Григорий нарочито пафосно продекламировал свой стишок, по его юношескому мнению, убедительно намекающий на нечто глубоко интимное. Говорил громко, как клоун репризу на арене цирка. При этом гордо бросал взгляды на Марианну, как ей этот «сокровенный» смысл? Он и не понял, что взгляды эти гордые фатально глупы. Откуда только выскочила такая подростковая придурь? Ни капли здоровой самоиронии!
Марианна мгновенно взвилась. Что он понимает? Болтать о главном наболевшем женском, как о лошади на водопое! Тот ли это трогательно-чистый юноша, которого они позвали, чтоб присмотреться поближе? Да ещё эти торжествующие взгляды! Идиотский намёк на нечто глубоко личное между ними? Глупая двусмысленность? Так или иначе, лёгкие облачка, начавшие было веселиться на её светлом лице, мгновенно сгустились в чёрные тучи. Девушка не на шутку рассвирепела:
– Пошло и бездарно. Как будто на помойке подобрал две строки. Нашёл чем гордиться. Стихоложество сильно озабоченных прыщеватых юнцов!

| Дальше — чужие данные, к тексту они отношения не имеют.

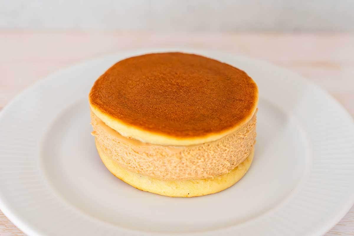 この商品は、ふわもち食感のどら焼生地に、濃厚なミルクティーホイップクリームだけをサンドした、和洋折衷スイーツです。
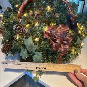 Brighten your home with this festive holiday basket featuring woodlands figurines, warm lights, and a decorative bow. Perfect for adding a touch of holiday spirit to any room.

Григорий затрясся внутри мелкой дрожью. Глаза его потускнели. Откуда было ему знать, вообразить себе не мог, что его стишок покажется глумливой клоунадой. Что его невинные представления о женском чувстве могут так задеть. Но понял мгновенно, что свершил что-то крайне недопустимое. Что-то ведь задел? Что же делать?

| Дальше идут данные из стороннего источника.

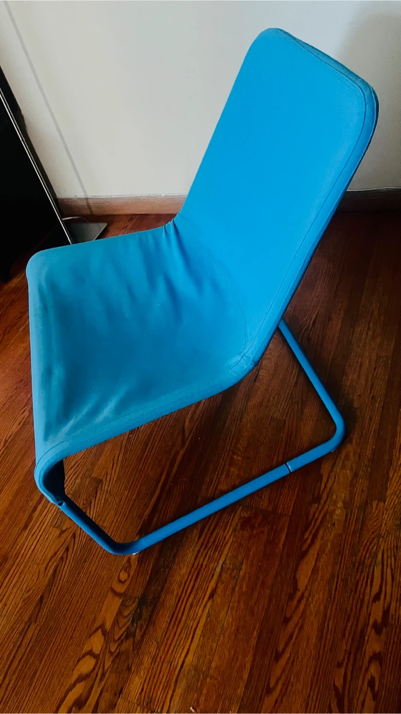 This bright blue accent chair has a simple, modern design. It features a sturdy metal frame with a fabric seat and back. Its lightweight construction makes it easy to move around your space.
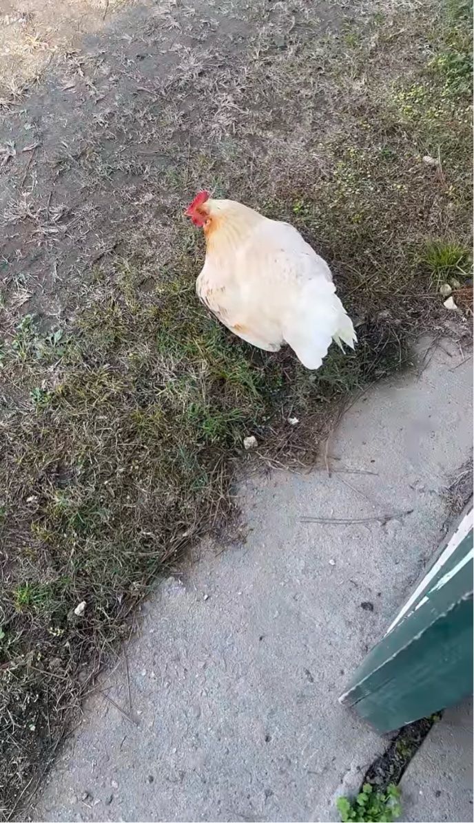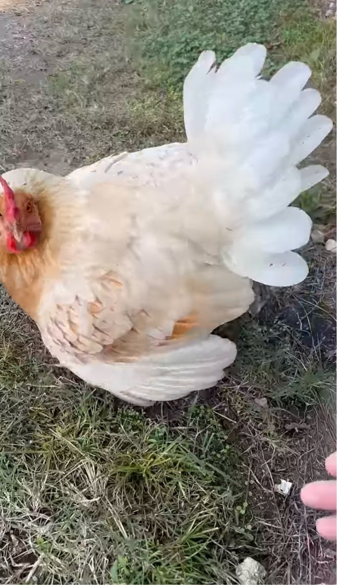 地面に腰を下ろしてくつろいでいるかのように見えるメンドリの姿。 ところが、その行動を怪しんだ飼い主さんが声をかけてみると、意外な事実が判明しました!

Лицо девушки тем временем стало серо-гранитной отвесной скалой.
Хлыстов забормотал, заикаясь:
– П-п-простите. Г-г-глупо. Я в-в-вовсе не п-п-поэт. Недоста-та-та-чно умён.
Но оправдания не возымели успеха. Григорий даже отшатнулся от Марианны. Уж очень жёстко налились знакомой яростью, белея, её шафраново-жёлтые рысьи глаза, сузились до предела чёрные колодцы зрачков.
– Недостаточно умён? Да глуп, попросту говоря. Чего ты, юноша, грязными копытами лезешь в чужую постель. Да ещё со своим измерительным прибором. Он, видите ли, оценил своим барометром, как уж «она его ждала»!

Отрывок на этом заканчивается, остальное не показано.